One critic remarks in a quotation on the back of this edition that the best stories “have an imaginative richness that makes them seem like compressed novels, evoking complex worlds.” A story is not necessarily superior because it seems like a novel, however compressed or complex. The risk is that the “novelistic” story has been asked to carry too much. There’s a danger of it being freighted with events, details, and a narrator’s comments like an overloaded transport truck that topples its load on the highway and blocks the flow of traffic. Dobozy’s generally vivid prose is not spare or minimalist, but occasionally the sheer weight of excess baggage clogs lengthy sentences, difficult to perfect in any case, and readers may struggle their way to the end. For example, from an interesting and thematically relevant story, “The Restoration of the Villa Where Tíbor Kálmán Once Lived,” we have this packed and incomplete sentence, part of a catalogue of attributes, with its awkward reliance upon a copula verb followed by a secondary time clause: “The shaded gallery, with its columns and ivy, unbearable for him because the only time a smile ever played across Ági’s face was when she stepped out onto it and took in the smells of the garden and sunshine she and half the country had dreamed about in cellars and shelters during the siege, when all they had was the sound of bombs, the slow fog of plaster shaken from the walls and ceiling and floor with every explosion.” In most stories, however, the sentences are more often manageable and graceful than not, and enriched with strong images. Among several fine narratives, including the haunting “The Animals of the Budapest Zoo, 1944 – 1945,” the masterpiece of Siege 13 may well be “The Beautician.” The narrator, a graduate student in search of authenticity for his thesis in Central European Studies, betrays the trust of Holló, the custodian of a Hungarian community center. The custodian, however, wears make-up and discombobulates conventional notions of gender identity. His own story about surviving Hungary is complex and fascinating, and challenges the narrator’s ethics and exploitation of an individual’s experiences.
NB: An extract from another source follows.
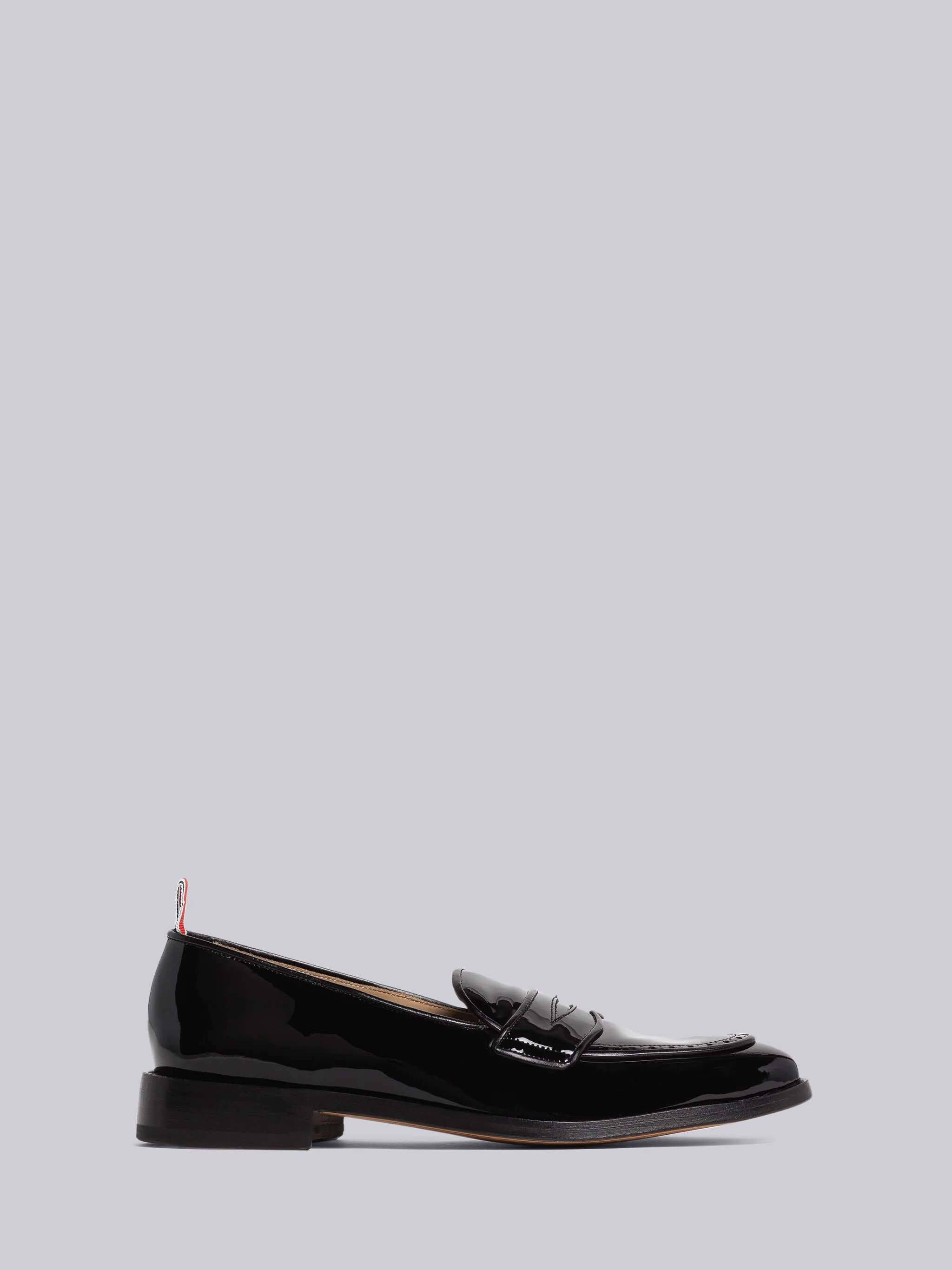 DETAILS & FIT Varsity penny loafer in soft black patent leather. Penny vamp strap. Flexible leather sole. Signature striped grosgrain loop tab at heel. Upper:100% Calf Patent Leather Sole:100% Calf Leather Lining:100% Calf Leather Made in Italy MFL087A00216001
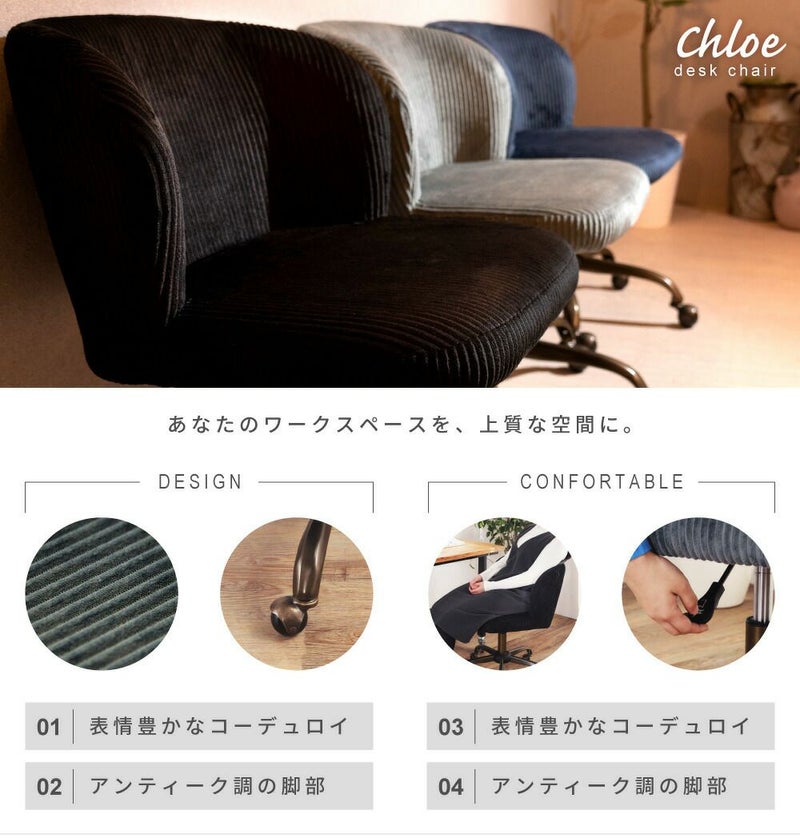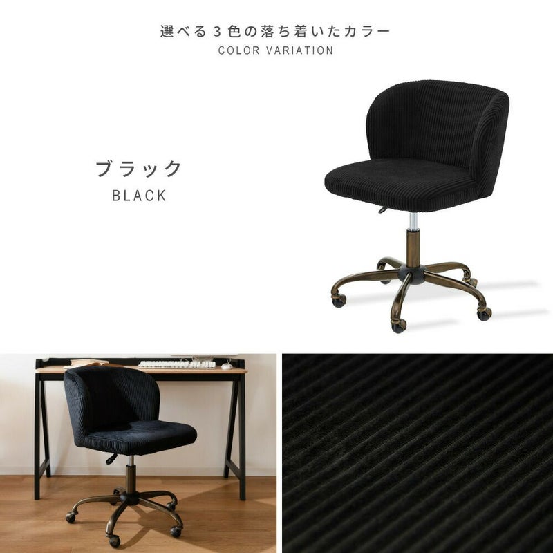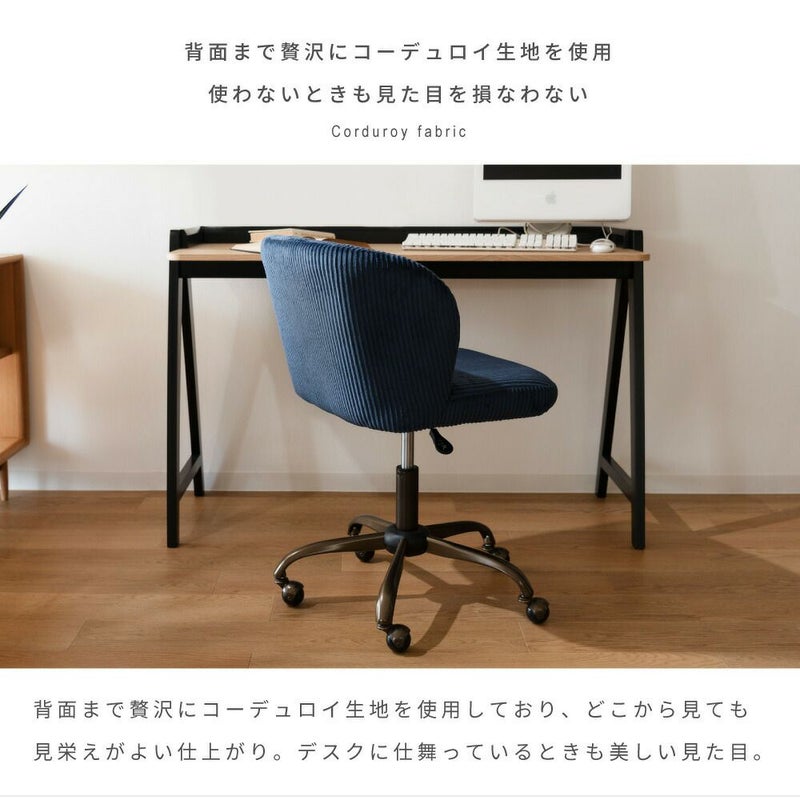 デスクチェア 回転 昇降 高さ調節 ガス圧 キャスター オフィスチェア コーデュロイ 肘無し 椅子 おしゃれ ヴィンテージ 黒 紺 シンプル ゆったり アンティーク

Stories about guilt, betrayal, and relentless brutality, sparing not even children, can benumb the reader. Dobozy, however, for the most part keeps our attention not only through the speech and personal qualities of his fully human characters, but also through his adroit handling of comedy, albeit dark at times, which has the salutary effect of rendering the unendurable bearable. This is especially true in “The Homemade Doomsday Machine,” suitably placed last in the collection, depicting the unusual preoccupation of a convincing, nine-year-old genius. However grim and dark the memories and events of Siege 13, the lights of compassion and humour in the midst of horror save us all.